Data START
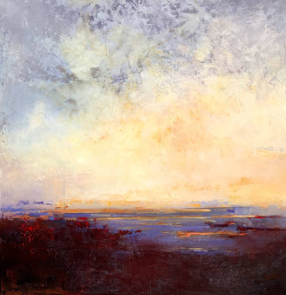 Many of her acrylic paintings were inspired by views from her Kirkland home overlooking Lake Washington. She doesn’t capture those moments with a camera. She absorbs what she sees, contemplates how it makes her feel and then channels those emotions into her work.
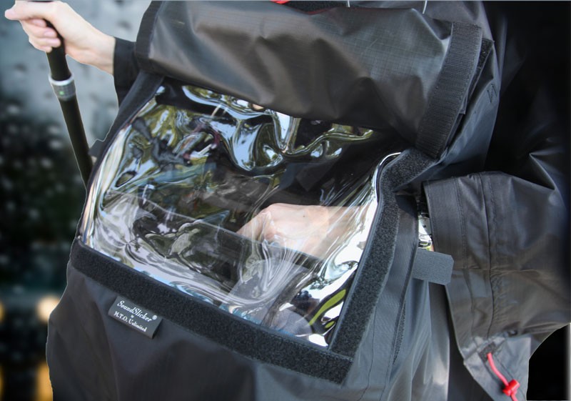 Designed with both the soundperson and cameraperson in mind, this poncho has safety in mind—first and foremost. The front has a removable roll-up flap which then reveals a clear viewing panel so you can see your gear. A vent in the back allows air to circulate and humidity to escape. A tie around the waist lets you secure the poncho in a gale.
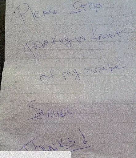 纸条上写到:“请不要把车停在我家门前,谢谢!”
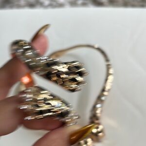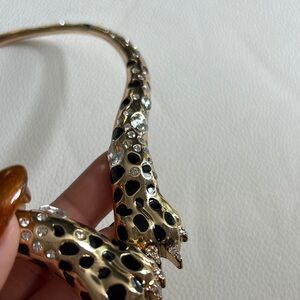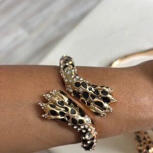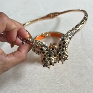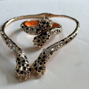 Elegant gold and black leopard jewelry set. Features sparkling accents. Perfect for a bold statement.
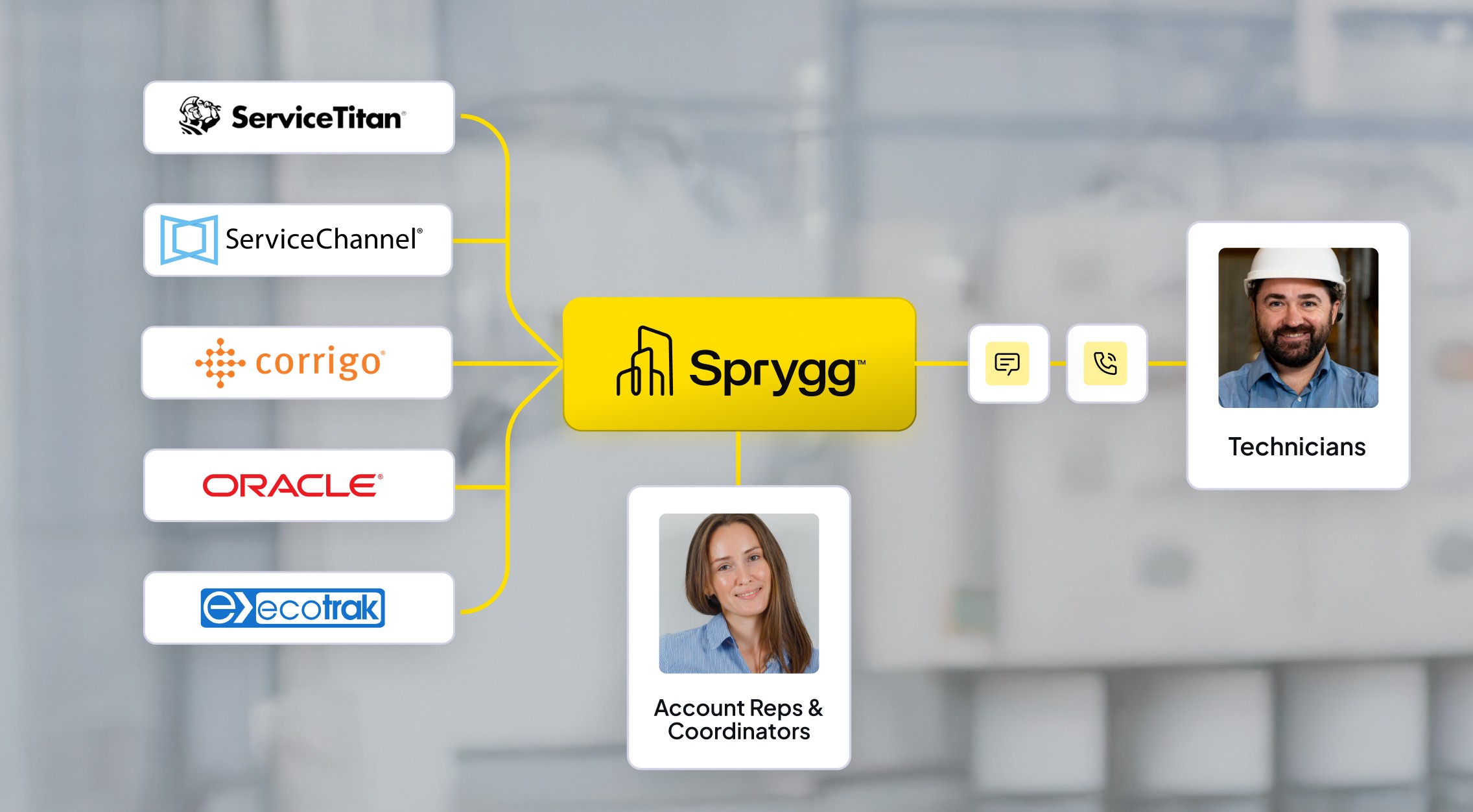Better completion reports with less effort. Sprygg automatically calls technicians to capture service details and automatically produces completion reports.
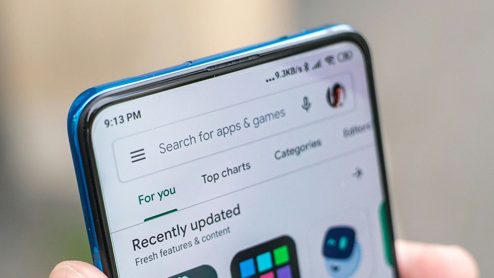 5. Feito isso, abra o app da Play Store e toque no campo de busca para pesquisar normalmente.
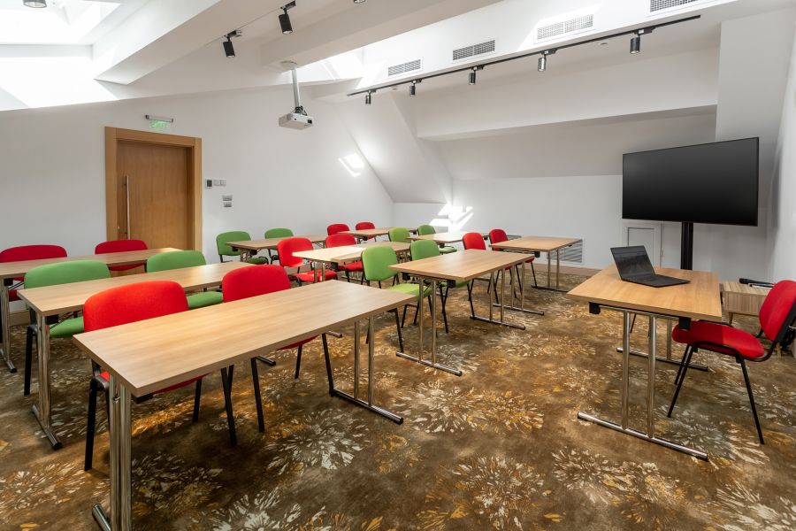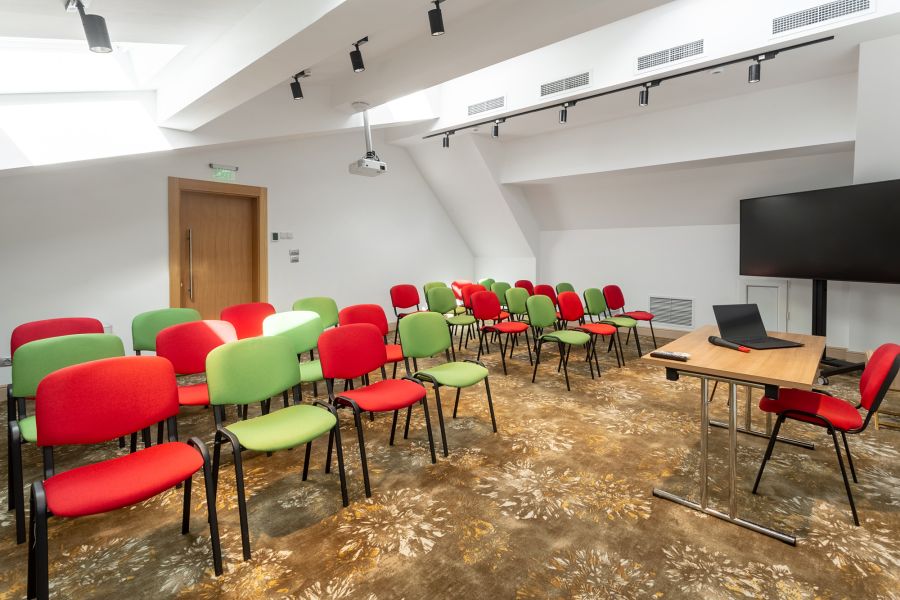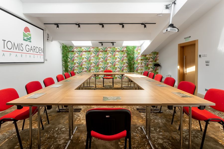 Sala beneficiaza de lumina naturala, sistem de climatizare cald/rece, spatiu modular-fara stalpi si este dotata cu cele mai noi echipamente pentru a raspunde diverselor cerinte in domeniu, putand fi adaptate in functie de specificul fiecarui tip de eveniment.
Data END
### Task prompt
The required output is each line above restated verbatim, with all images omitted.

### Response to the exercise
 Many of her acrylic paintings were inspired by views from her Kirkland home overlooking Lake Washington. She doesn’t capture those moments with a camera. She absorbs what she sees, contemplates how it makes her feel and then channels those emotions into her work.
 Designed with both the soundperson and cameraperson in mind, this poncho has safety in mind—first and foremost. The front has a removable roll-up flap which then reveals a clear viewing panel so you can see your gear. A vent in the back allows air to circulate and humidity to escape. A tie around the waist lets you secure the poncho in a gale.
 纸条上写到:“请不要把车停在我家门前,谢谢!”
 Elegant gold and black leopard jewelry set. Features sparkling accents. Perfect for a bold statement.
Better completion reports with less effort. Sprygg automatically calls technicians to capture service details and automatically produces completion reports.
 5. Feito isso, abra o app da Play Store e toque no campo de busca para pesquisar normalmente.
 Sala beneficiaza de lumina naturala, sistem de climatizare cald/rece, spatiu modular-fara stalpi si este dotata cu cele mai noi echipamente pentru a raspunde diverselor cerinte in domeniu, putand fi adaptate in functie de specificul fiecarui tip de eveniment.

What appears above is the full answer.